SECTION 7.02. No Warranties or Liability. The Second Lien Representative and the
First Lien Representative acknowledge and agree that neither has made any representation or
warranty with respect to the execution, validity, legality, completeness, collectibility or
enforceability of any First Lien Collateral Document or any Second Lien Collateral Document.

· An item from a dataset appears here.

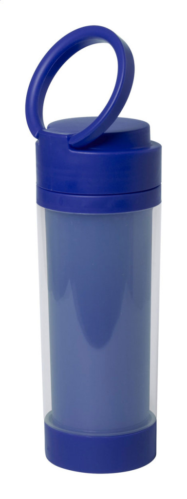 Műanyag sportkulacs, kupakján fogantyúval, talpán kihúzható mobiltartóval. Díszdobozban szállítjuk. 390 ml. Nem alkalmas szénsavas italok tárolására.

Except as otherwise provided in this Agreement, the Second Lien Representative and the First Lien
Representative will be entitled to manage and supervise their respective extensions of credit to
any Grantor in accordance with law and their usual practices, modified from time to time as they
deem appropriate.
SECTION 7.03. No Waivers. No right or benefit of any party hereunder shall at any
time in any way be prejudiced or impaired by any act or failure to act on the part of such party or
any other party hereto or by any noncompliance by any Grantor with the terms and conditions of any
of the First Lien Documents or the Second Lien Documents.
ARTICLE VIII
OBLIGATIONS UNCONDITIONAL
OBLIGATIONS UNCONDITIONAL
SECTION 8.01. First Lien Obligations Unconditional. All rights and interests of the
First Lien Representative under this Agreement, and all agreements and obligations of the Second
Lien Representative, the Company and the other Grantors (to the extent applicable) under this
Agreement, shall remain in full force and effect irrespective of:
(a) any lack of validity or enforceability of any First Lien Document;
(b) any change in the time, place or manner of payment of, or in any other term of, all
or any portion of the First Lien Obligations, or any amendment, waiver or other
modification, whether by course of conduct or otherwise, or any refinancing, replacement,
refunding or restatement of any First Lien Document;
(c) prior to the Payment in Full of the First Lien Obligations, any exchange, release,
voiding, avoidance or non-perfection of any security interest in any Collateral or any other
collateral, or any release, amendment, waiver or other modification, whether by course of
conduct or otherwise, or any refinancing, replacement, refunding or restatement of all or
any portion of the First Lien Obligations or any guarantee or guaranty thereof; or
(d) any exercise or delay in or refrain from exercising any right or remedy, any
election of remedies, any taking or failure to take any Liens or additional Liens, as well
as any other circumstances that otherwise might constitute a defense available to, or a
discharge of, any Grantor in respect of the First Lien Obligations, or of the Second Lien
Representative, or any Grantor, to the extent applicable, in respect of this Agreement.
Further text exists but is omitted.